张哲之没有经历过人事,这是头一次接吻。王沆不仅技巧好,而且十分有耐心,很快就把张哲之亲的迷迷糊糊,忘乎所以了,他感觉身体变得越来越软,但热量却都在往下腹走。终于他也慢慢闭上了眼睛,手顺遂地爬上了王沆的背。两人开始越靠越近,越搂越紧。
不过事情总是容易乐极生悲,张哲之吻得太过忘情,脚上忘了使力,两人便齐刷刷地掉进了水里。水没上头顶的那一刻,紧紧相贴的两个人终于分开,张哲之也略微回过了神,至少,他现在能想起来,王沆好歹还是自己的主子。
他马上抱着王沆浮上了水面,看起来没什么事,眼神还和之前一样,直勾勾地盯着张哲之。赤裸裸的目光让张哲之立马红了脸,他眼神往下挪了挪,手上却还是一如既往地用力抱着王沆。

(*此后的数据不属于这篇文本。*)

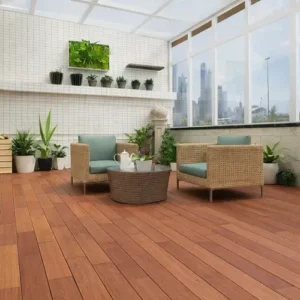 Outdoor tiles, composite decking, and heavy-duty vinyl flooring are ideal for high-traffic areas like restaurants, hotels, and commercial spaces.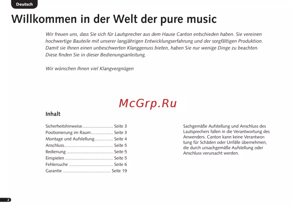 - Wir freuen uns dass sie sich für lautsprecher aus dem hause canton entschieden haben sie vereinen hochwertige bauteile mit unserer langjährigen entwicklungserfahrung und der sorgfältigen produktion damit sie ihnen einen unbeschwerten klanggenuss bieten haben sie nur wenige dinge zu beachten diese finden sie in dieser bedienungsanleitung p.2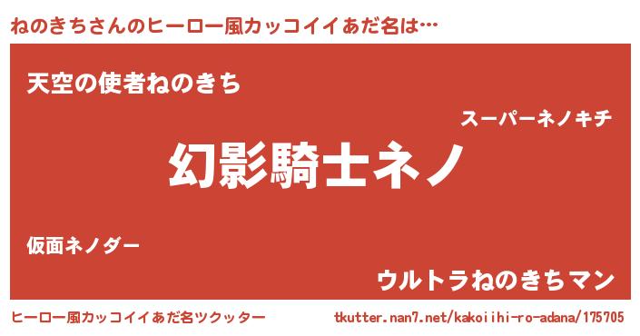 | 男性向けラノベタイトル風あだ名 | 『ねのきちの嫁は女の子じゃないと思った?』 |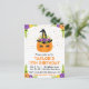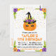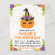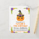 Bedårande orange pumpa med ett gyllene enhörningshorn, enhörningsöron och en svart häxhatt. Den vita bakgrunden har orange, gul, grön och lila Halloween-konfetti och blomstermotiv i hörnen.
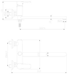 Смеситель для ванны/душа, однорычажный, запорный механизм: керамический картридж, излив: поворотный.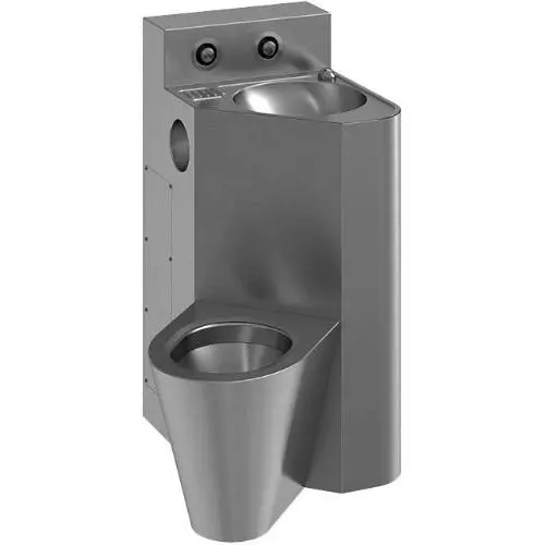 Антивандальный туалетный угловой комплект Sanela: напольный унитаз с раковиной прекрасно подойдет для установки в исправительных и психиатрических учреждениях. Изделие изготовлено из нержавеющей стали CrNi 18/10 (AISI-304), данный материал долговечен и обладает высокой механической прочностью.
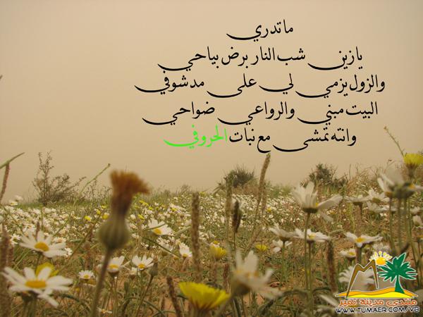 الغصون يهزها الشوق للشوق وتميل ،،،،،،،،،،،،،،،والقلوب ليا غزاهـا الغـلا يحتلهـا والبها والجمر والثلج والرمش الضليل ،،،،،،،،،،،،،،أربع ألغاز صعيبه وصعـب حلهـا مشفي فيها شفاة الفقير مـن البخيـل ،،،،،،،،،،،،أبي هذي وأبي هـذي وأبيهـا كلهـا مير ودعني وودعك يالصبر الطويل ،،،،،،،،،،،،،،روح بلغها جزيـل السـلام وقلهـا أستغلت خفة الدم في الـوزن الثقيـل ،،،،،،،،وإن تطول كبرياها ماهو بأحسن لها كن صارت حلم والحلم شبه المستحيل ،،،،،،،،،،،يعني النفس العزيـزه حـرام أذلهـا |

刚才那一下跌到,让王沆不自主地松开了手,此时他的手浮在水里,简直透着亮白的光泽。所以张哲之自然地注意到,他正慢慢地把手抬了起来。但竟然落在了自己的脸上?
他的手很热,可能是沾了水,张哲之只感觉他的手指像凝脂一样在脸上划过,摸得人心里只痒,他忍不住抬头望向王沆:“……别弄了。”
可听了他这话,王沆的目光却突然变得悠长起来,他的眼神又开始有点涣散,像是在看向张哲之的身后,又像是透过张哲之在看什么人。他的手也突然停在了张哲之的左脸上,却是用一种要哭的语气说着:“我爱你,别离开我。”

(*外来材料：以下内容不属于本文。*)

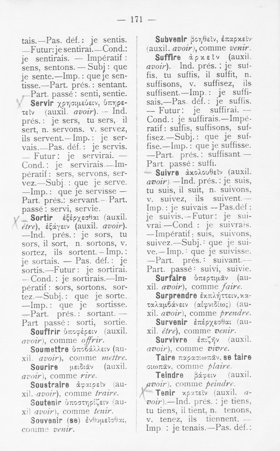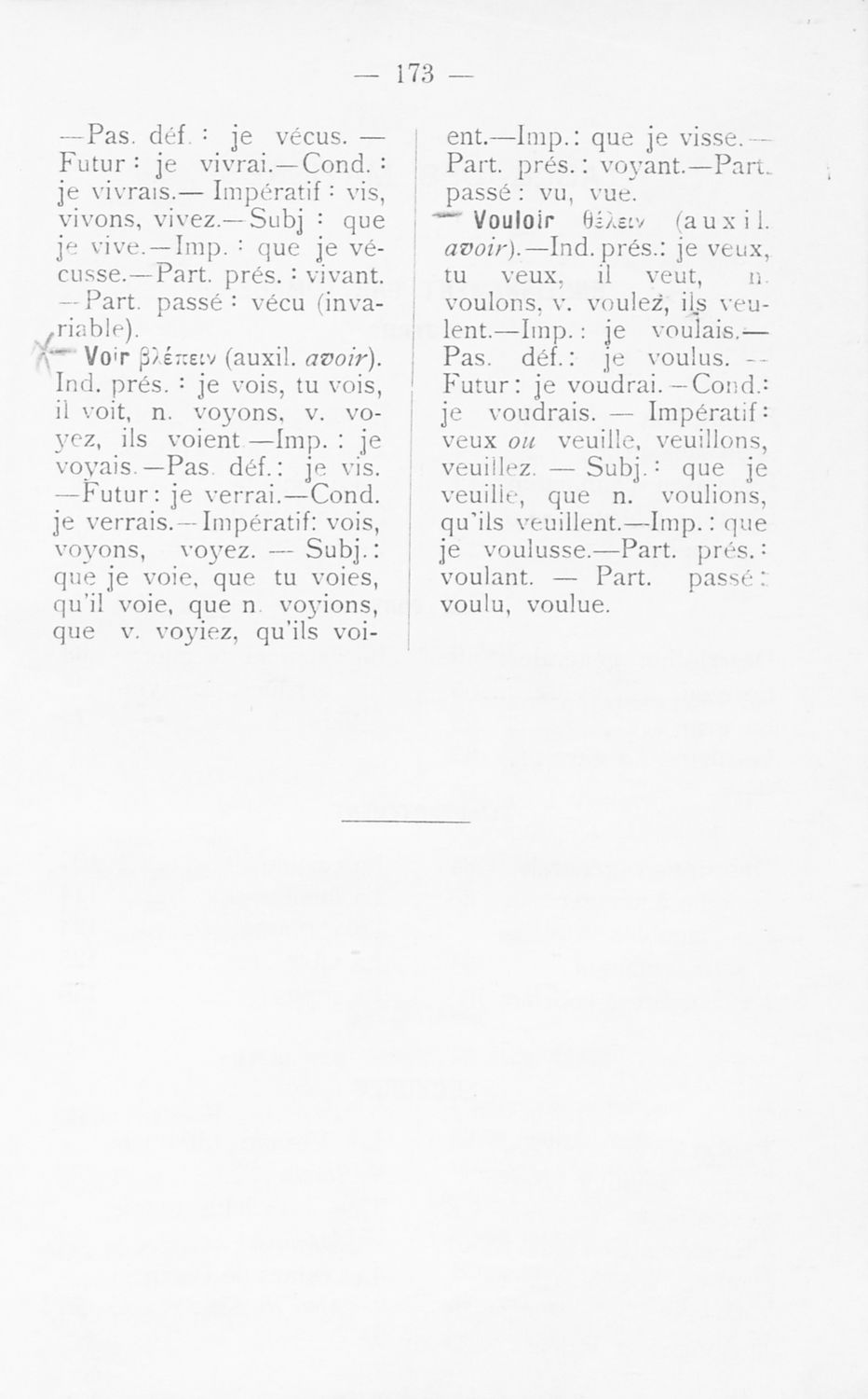 Σχολικό εγχειρίδιο Γαλλικών Γ΄ Γυμνασίου που περιλαμβάνει γραμματικούς και συντακτικούς κανόνες, κείμενα και τις μεταφράσεις τους στην καθαρεύουσα. Περιέχει και λεξιλόγιο.

就像是吃下了几十个莲心,王沆说出去这话,就只觉得嘴里苦,心里也苦。他感觉那个人越走越远,就像要消失不见。是吗?再怎么挽留都留不住你吗?
只见王沆说完了这话,眼一闭,手就无力的滑落回水里,人也软绵绵地倒进了张哲之怀里。戳得张哲之的心口,也跟着他一起泛苦。他低头,盯着王沆乌黑的头发,眼神变了又变。最后却还是一眨眼,又成了那个听话胆怯,弱小怕事的下人。安静的泡在水里,等待着王沆体温恢复正常。
可这么一等,就等到了日落。王沆的体温终于变得正常,脸上病态的潮红也消失不见。张哲之费了些力气把他搬到岸上,生了堆火,逮着一些小鱼就开始放在火上烤,样子倒是悠闲。

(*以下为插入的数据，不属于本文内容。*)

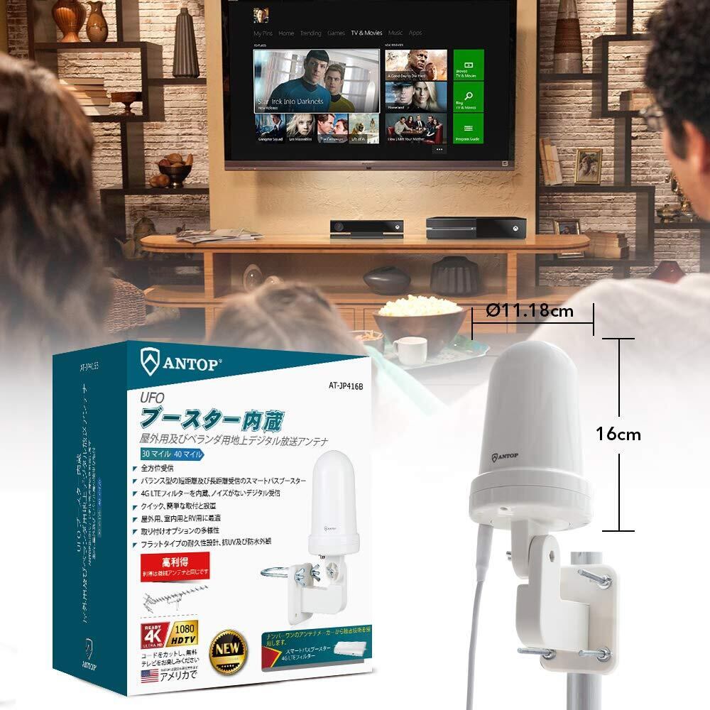 ANTOP 地上デジタルアンテナ 室外 HD テレビ 地デジ アンテナ TVアンテナ UFOアンテナ UHF対応 スマートパス増幅 360度全方位受信 5M同軸ケーブル付き 防水 抗UV 屋根裏用/RV用 設置簡単 AT-JP416B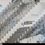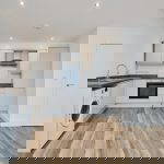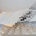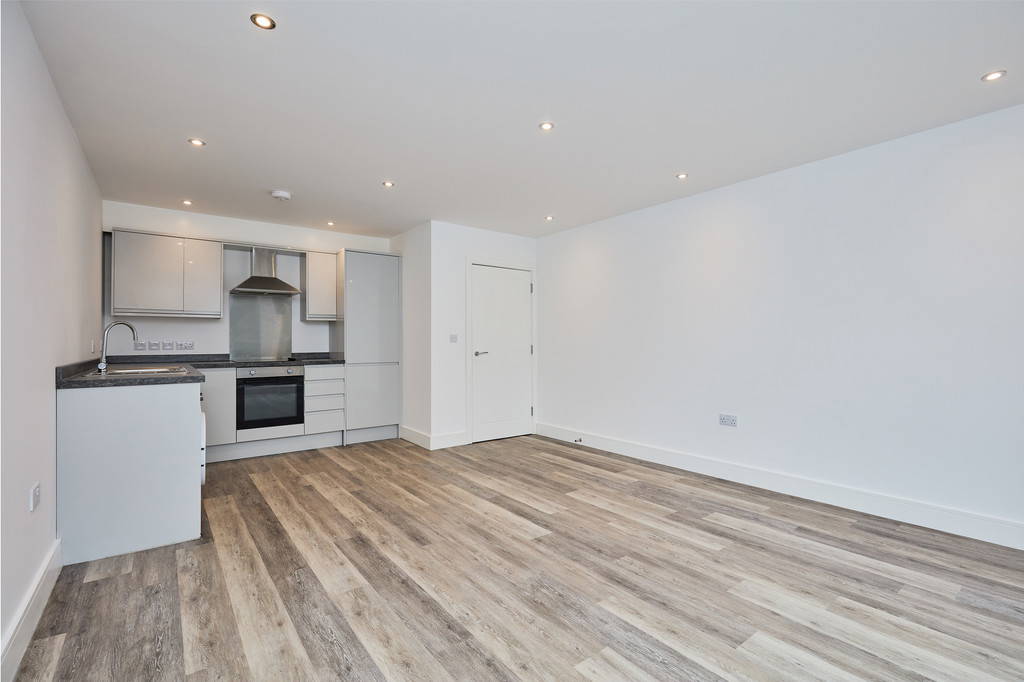 OPEN PLAN LIVING KITCHEN DINER 20' 8" x 13' 2" max (6.3m x 4.01m) uPVC double glazed French doors to a Juliet balcony. Double panel radiator with thermostat control. TV and telephone sockets. A range of grey gloss eye and base level units surmounted by marble effect worktops. Inset stainless steel 1.5 bowl sink and drainer with mixer tap over. Built-in stainless steel single electric oven, black ceramic hob and chimney extractor hood. Integrated fridge freezer. Washing machine. Wood effect flooring. Recessed ceiling spotlights. Ceiling mounted heat sensor.

所以王沆睁开眼的第一时刻,还不觉得有什么问题,他张口就说:“烤熟些。”
“你,”张哲之手一顿,脸上显而易见的尴尬,“你,醒了?”
王沆虽然还没记起之前的事,但总是察觉出了哪不对,他手肘撑地坐起来,问道:“发生何事?”
这种事情怎么可能说出来?!张哲之在心里暗叫了一声,低头给鱼翻了个身:“我找到了这条河之后,就回去叫你,谁知道你突然发热,我把你带来河边,用河水给你降温。”他又给鱼翻了一面,“你现在还烧吗?”
王沆似笑了一下:“多谢。”看着张哲之的模样,王沆也大致回忆起了刚才的那些事。如果再多说什么,恐怕只会增加麻烦。不过他又有些犹豫,有些事如果现在不说,那以后更是没有机会再说了。
王沆犹豫再三,刚坐在张哲之对面打算开口,就被他递过来的鱼打断。
“已经烤的很熟了。”张哲之摸摸头,“不过就是有点焦……”
一条鱼梗在两人中间,简直就像是在喉头卡了根刺,王沆立马什么话也说不出来了。他沉默地接过半焦的鱼,用手一点点撕下来放进嘴里。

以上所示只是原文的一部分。